__Supplied records__
========================================================================

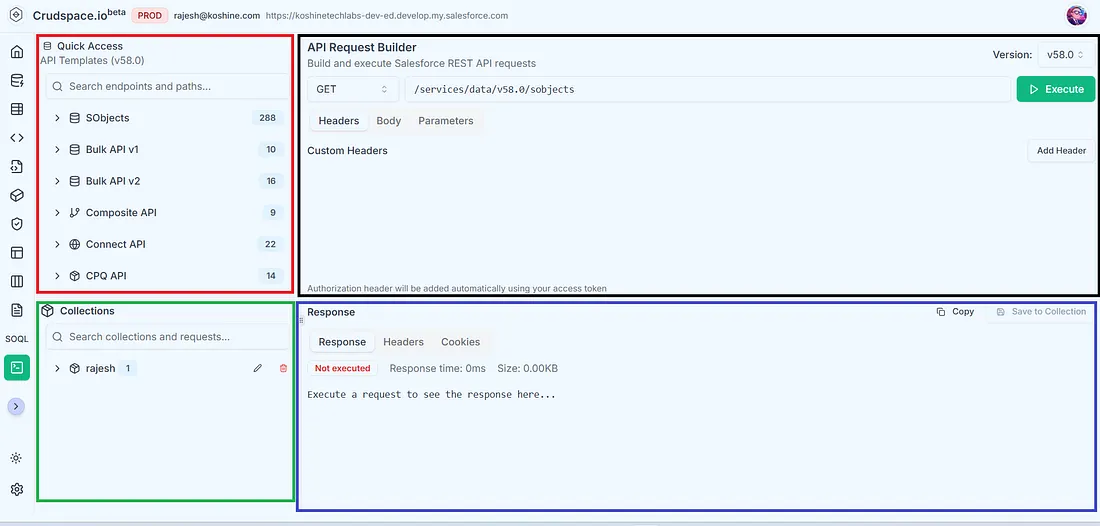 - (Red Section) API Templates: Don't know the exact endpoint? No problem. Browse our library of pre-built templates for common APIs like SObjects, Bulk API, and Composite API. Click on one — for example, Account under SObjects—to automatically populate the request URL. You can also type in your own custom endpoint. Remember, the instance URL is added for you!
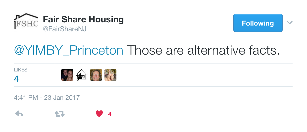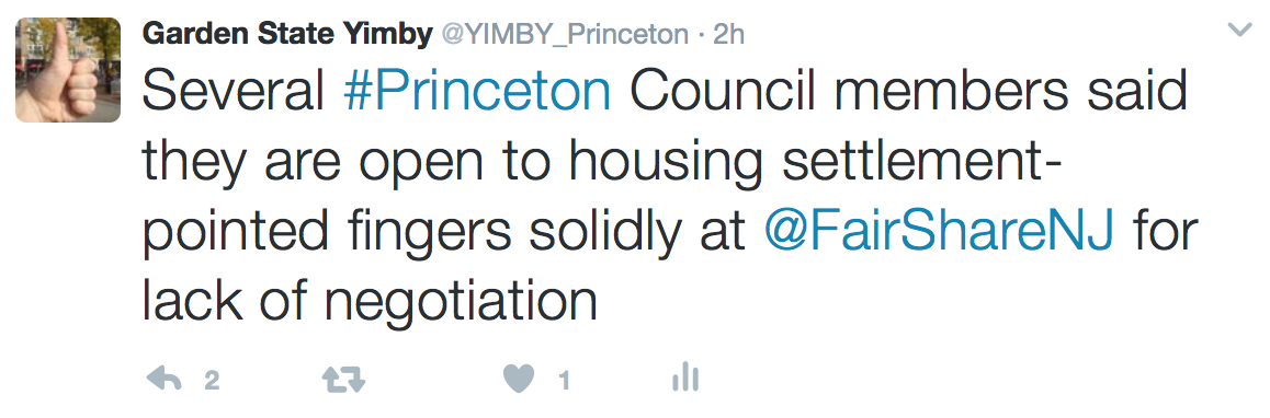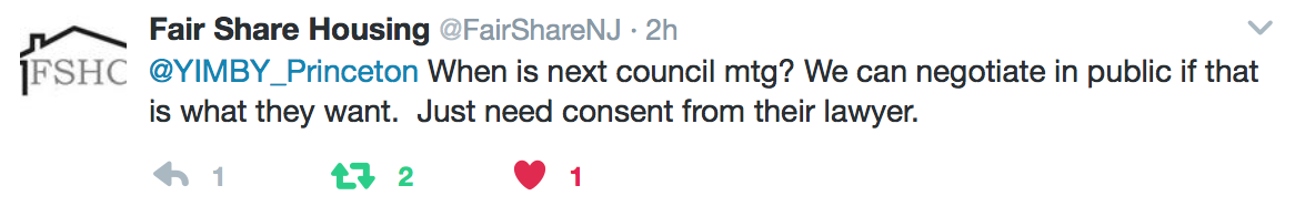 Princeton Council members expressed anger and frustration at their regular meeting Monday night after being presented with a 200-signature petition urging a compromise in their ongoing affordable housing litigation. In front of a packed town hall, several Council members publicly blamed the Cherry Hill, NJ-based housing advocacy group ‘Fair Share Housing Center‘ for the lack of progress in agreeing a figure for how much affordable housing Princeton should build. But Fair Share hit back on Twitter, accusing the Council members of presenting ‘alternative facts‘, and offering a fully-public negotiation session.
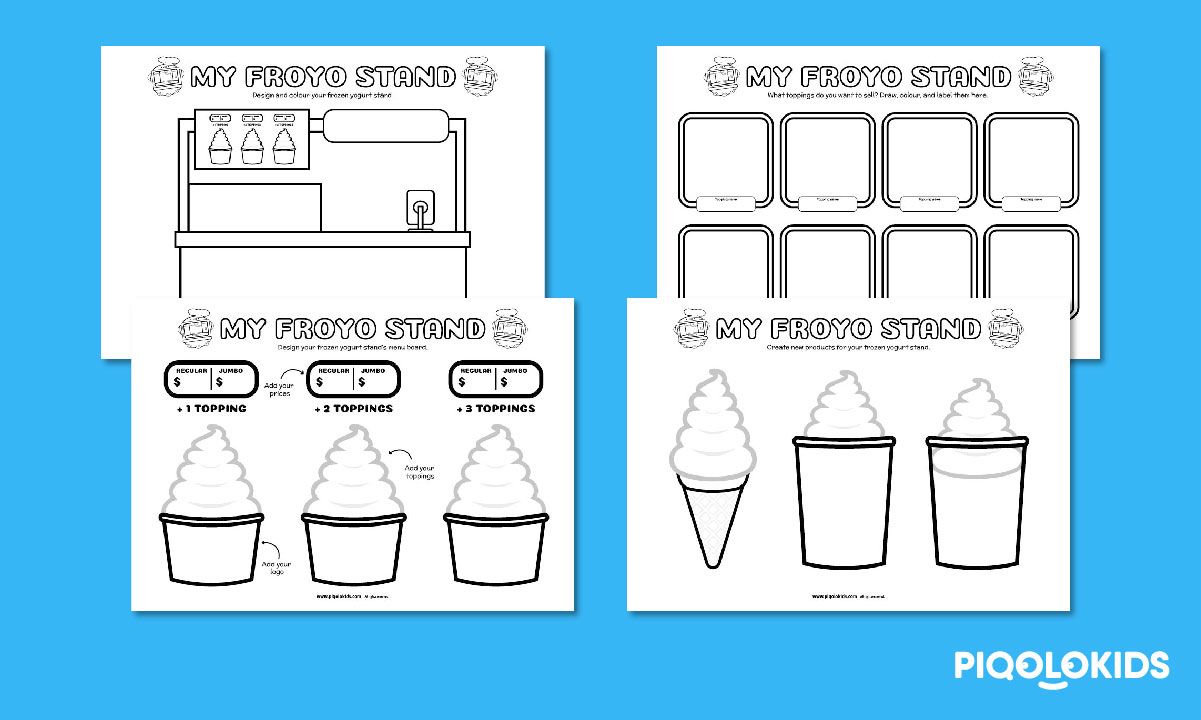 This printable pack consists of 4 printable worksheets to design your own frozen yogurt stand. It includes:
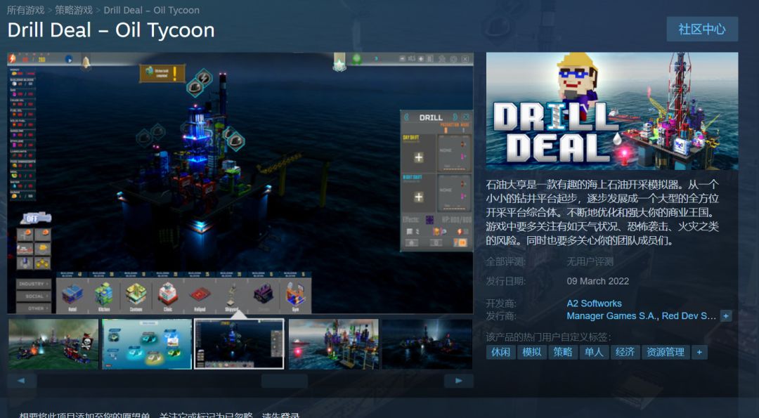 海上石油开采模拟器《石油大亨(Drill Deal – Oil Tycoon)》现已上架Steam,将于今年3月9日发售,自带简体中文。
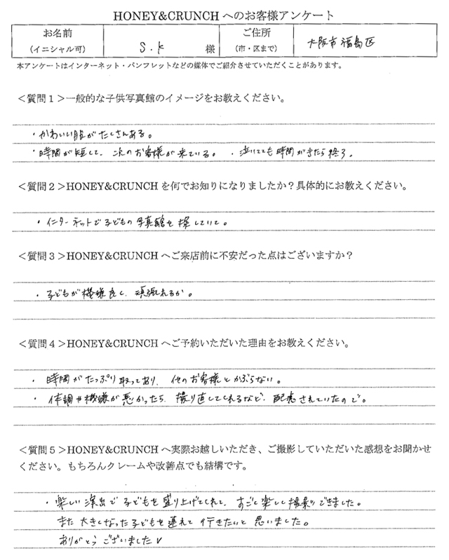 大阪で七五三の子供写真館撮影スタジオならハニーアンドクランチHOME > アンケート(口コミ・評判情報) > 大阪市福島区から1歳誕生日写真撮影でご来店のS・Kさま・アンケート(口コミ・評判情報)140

========================================================================

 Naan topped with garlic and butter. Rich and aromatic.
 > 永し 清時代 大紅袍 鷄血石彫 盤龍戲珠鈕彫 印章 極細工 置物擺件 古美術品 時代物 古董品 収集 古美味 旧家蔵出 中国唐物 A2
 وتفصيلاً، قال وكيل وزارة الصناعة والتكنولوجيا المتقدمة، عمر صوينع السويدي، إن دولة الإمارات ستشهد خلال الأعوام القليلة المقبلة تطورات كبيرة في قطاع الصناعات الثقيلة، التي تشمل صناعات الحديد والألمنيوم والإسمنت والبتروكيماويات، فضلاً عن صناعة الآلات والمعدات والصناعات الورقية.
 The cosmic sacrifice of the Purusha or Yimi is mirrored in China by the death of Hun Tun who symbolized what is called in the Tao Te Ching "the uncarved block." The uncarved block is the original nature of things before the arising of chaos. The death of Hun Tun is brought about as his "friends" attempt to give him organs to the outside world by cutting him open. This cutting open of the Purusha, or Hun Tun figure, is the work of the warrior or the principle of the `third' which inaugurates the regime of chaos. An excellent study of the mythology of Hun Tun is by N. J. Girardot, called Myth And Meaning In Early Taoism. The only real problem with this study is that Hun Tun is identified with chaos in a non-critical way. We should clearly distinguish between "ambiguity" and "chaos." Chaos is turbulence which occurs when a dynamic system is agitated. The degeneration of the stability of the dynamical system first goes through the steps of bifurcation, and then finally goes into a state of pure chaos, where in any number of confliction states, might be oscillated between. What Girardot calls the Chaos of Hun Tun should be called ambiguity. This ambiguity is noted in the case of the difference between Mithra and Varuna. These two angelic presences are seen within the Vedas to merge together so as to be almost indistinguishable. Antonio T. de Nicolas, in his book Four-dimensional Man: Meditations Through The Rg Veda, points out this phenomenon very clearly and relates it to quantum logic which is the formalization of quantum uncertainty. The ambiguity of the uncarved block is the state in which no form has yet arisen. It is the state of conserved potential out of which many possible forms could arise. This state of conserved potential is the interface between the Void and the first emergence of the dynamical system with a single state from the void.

========================================================================

__Action item__
Only one part of the listing is wanted: the lines from the one containing "海上石油开采模拟器《石油大亨(Drill Deal –" through the one containing "大阪で七五三の子供写真館撮影スタジオならハニーアンドクランチHOME > アンケート(口コミ・評判情報)", both included. Please transcribe it exactly, leaving out the pictures.

__Your response__
 海上石油开采模拟器《石油大亨(Drill Deal – Oil Tycoon)》现已上架Steam,将于今年3月9日发售,自带简体中文。
 大阪で七五三の子供写真館撮影スタジオならハニーアンドクランチHOME > アンケート(口コミ・評判情報) > 大阪市福島区から1歳誕生日写真撮影でご来店のS・Kさま・アンケート(口コミ・評判情報)140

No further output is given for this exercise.